TASK TO CARRY OUT | Omit the images. Restate all of the records word for word.

SOURCE DATA |
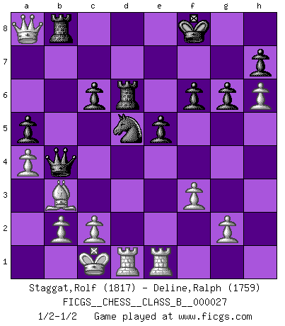 Last move : 1/2-1/2 2008 January 1 17:24:54 [Event "FICGS__CHESS__CLASS_B__000027"] [Site "FICGS"] [Date "2007.09.01"] [Round "1"] [White "Staggat,Rolf"] [Black "Deline,Ralph"] [Result "1/2-1/2"] [WhiteElo "1817"] [BlackElo "1759"] 1.e4 c5 2.Nf3 d6 3.d4 cxd4 4.Nxd4 Nf6 5.Nc3 g6 6.Be3 Bg7 7.f3 O-O 8.Qd2 Nc6 9.O-O-O d5 10.exd5 Nxd5 11.Nxc6 bxc6 12.Bd4 Bxd4 13.Qxd4 Qc7 14.Bc4 e5 15.Qd2 Be6 16.Ne4 Rad8 17.Nc5 Rfe8 18.Rhe1 Qb6 19.Nxe6 Rxe6 20.h4 Red6 21.Qg5 Rb8 22.Bb3 a5 23.a4 f6 24.Qe3 Qb4 25.Qe4 Qc5 26.Qe3 Qb4 27.h5 Kg7 28.h6+ Kf8 29.Qa7 Rb7 30.Qa8+ Rb8 1/2-1/2 Sicilian : Dragon, Yugoslav attack, 7...O-O Kingside Castling by player Black (move 7) Queenside Castling by player White (move 9) This chess game ended in a draw. Follow this game move after move (download)Bobby is the finest Chess player this country ever produced. His memory for the moves, his brilliance in dreaming up combinations, and his fierce determination to win are uncanny. (John Collins) Schon mancher Spieler hat aufgegeben, um zu vermeiden, daß er eine Figur verliert. (Savielly Grigorievitsch Tartakower) Sin errores no puede haber brillantez. (Emanuel Lasker) Les erreurs sont comme les malheurs, elles n'arrivent jamais seules. (Siegbert Tarrasch) Don't be irreplaceable, if you can't be replaced, you can't be promoted. (Dan Rotaru)
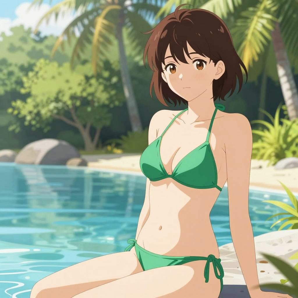 Anime woman in green bikini by tropical pool
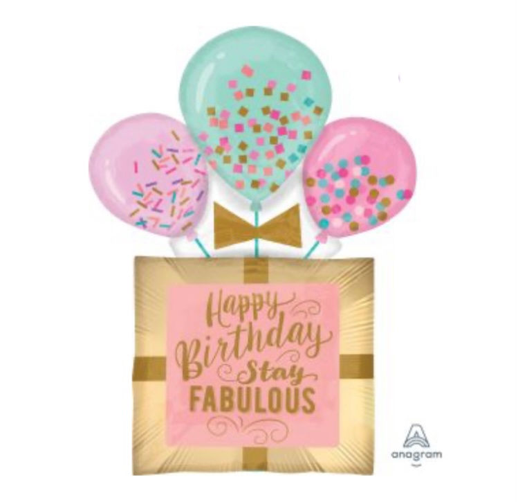 Supershapes are 28 inches, regular size foil balloons are 18 inches.
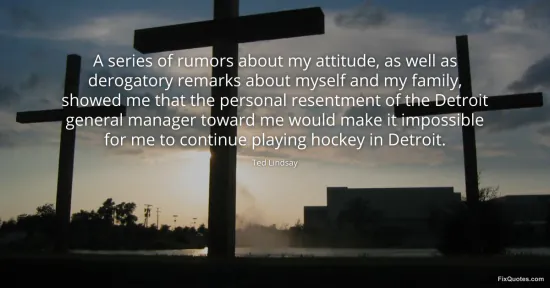 Lindsay, Ted. "A series of rumors about my attitude, as well as derogatory remarks about myself and my family, showed me that the personal resentment of the Detroit general manager toward me would make it impossible for me to continue playing hockey in Detroit." FixQuotes. February 17, 2026. https://fixquotes.com/quotes/a-series-of-rumors-about-my-attitude-as-well-as-107395/.
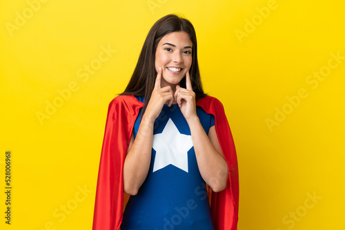 Super Hero Brazilian woman isolated on yellow background smiling with a happy and pleasant expression
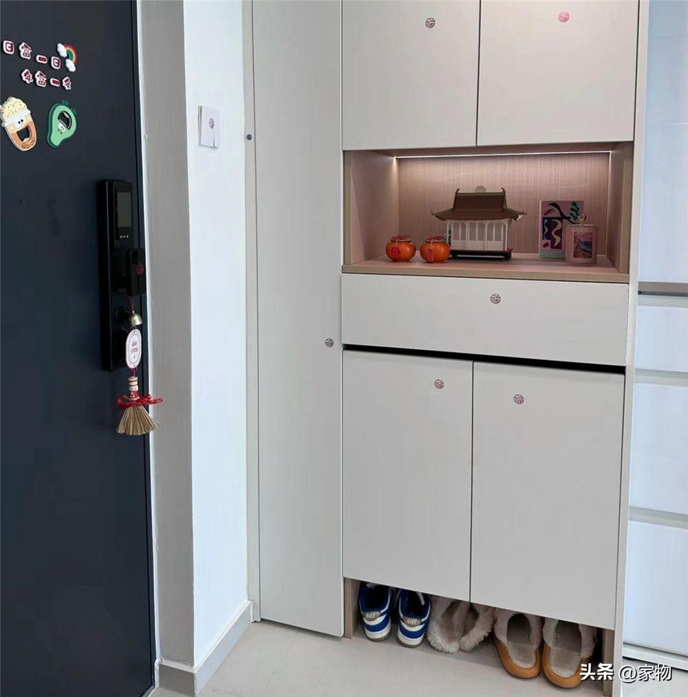 剛一進入家中,入門玄關的開放空間就讓人眼前一亮,玄關櫃只佔據了一小片區域,做出鞋櫃留空、底櫃收納、中間開放格,和上櫃側櫃大格,一切都顯得井然有序。
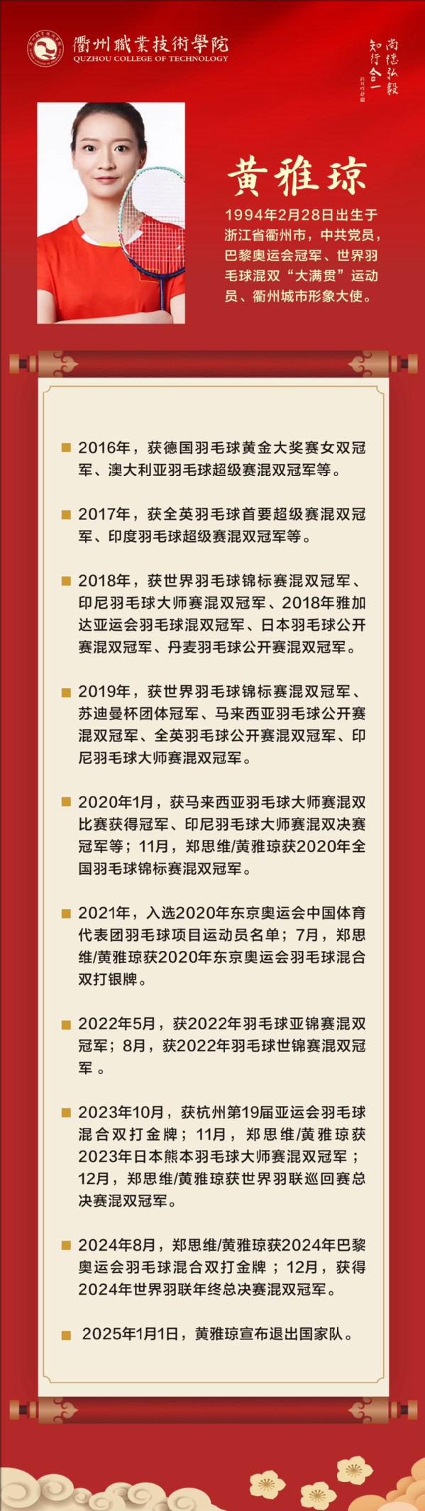 1月6日上午,衢州职业技术学院雅琼体育学院揭牌仪式在校体育馆举行。巴黎奥运会冠军、世界羽毛球混双“大满贯”运动员、衢州城市形象大使黄雅琼受聘为雅琼体育学院名誉院长并为学院揭牌。

ANSWER TO THE EXERCISE |
 Last move : 1/2-1/2 2008 January 1 17:24:54 [Event "FICGS__CHESS__CLASS_B__000027"] [Site "FICGS"] [Date "2007.09.01"] [Round "1"] [White "Staggat,Rolf"] [Black "Deline,Ralph"] [Result "1/2-1/2"] [WhiteElo "1817"] [BlackElo "1759"] 1.e4 c5 2.Nf3 d6 3.d4 cxd4 4.Nxd4 Nf6 5.Nc3 g6 6.Be3 Bg7 7.f3 O-O 8.Qd2 Nc6 9.O-O-O d5 10.exd5 Nxd5 11.Nxc6 bxc6 12.Bd4 Bxd4 13.Qxd4 Qc7 14.Bc4 e5 15.Qd2 Be6 16.Ne4 Rad8 17.Nc5 Rfe8 18.Rhe1 Qb6 19.Nxe6 Rxe6 20.h4 Red6 21.Qg5 Rb8 22.Bb3 a5 23.a4 f6 24.Qe3 Qb4 25.Qe4 Qc5 26.Qe3 Qb4 27.h5 Kg7 28.h6+ Kf8 29.Qa7 Rb7 30.Qa8+ Rb8 1/2-1/2 Sicilian : Dragon, Yugoslav attack, 7...O-O Kingside Castling by player Black (move 7) Queenside Castling by player White (move 9) This chess game ended in a draw. Follow this game move after move (download)Bobby is the finest Chess player this country ever produced. His memory for the moves, his brilliance in dreaming up combinations, and his fierce determination to win are uncanny. (John Collins) Schon mancher Spieler hat aufgegeben, um zu vermeiden, daß er eine Figur verliert. (Savielly Grigorievitsch Tartakower) Sin errores no puede haber brillantez. (Emanuel Lasker) Les erreurs sont comme les malheurs, elles n'arrivent jamais seules. (Siegbert Tarrasch) Don't be irreplaceable, if you can't be replaced, you can't be promoted. (Dan Rotaru)
 Anime woman in green bikini by tropical pool
 Supershapes are 28 inches, regular size foil balloons are 18 inches.
 Lindsay, Ted. "A series of rumors about my attitude, as well as derogatory remarks about myself and my family, showed me that the personal resentment of the Detroit general manager toward me would make it impossible for me to continue playing hockey in Detroit." FixQuotes. February 17, 2026. https://fixquotes.com/quotes/a-series-of-rumors-about-my-attitude-as-well-as-107395/.
 Super Hero Brazilian woman isolated on yellow background smiling with a happy and pleasant expression
 剛一進入家中,入門玄關的開放空間就讓人眼前一亮,玄關櫃只佔據了一小片區域,做出鞋櫃留空、底櫃收納、中間開放格,和上櫃側櫃大格,一切都顯得井然有序。
 1月6日上午,衢州职业技术学院雅琼体育学院揭牌仪式在校体育馆举行。巴黎奥运会冠军、世界羽毛球混双“大满贯”运动员、衢州城市形象大使黄雅琼受聘为雅琼体育学院名誉院长并为学院揭牌。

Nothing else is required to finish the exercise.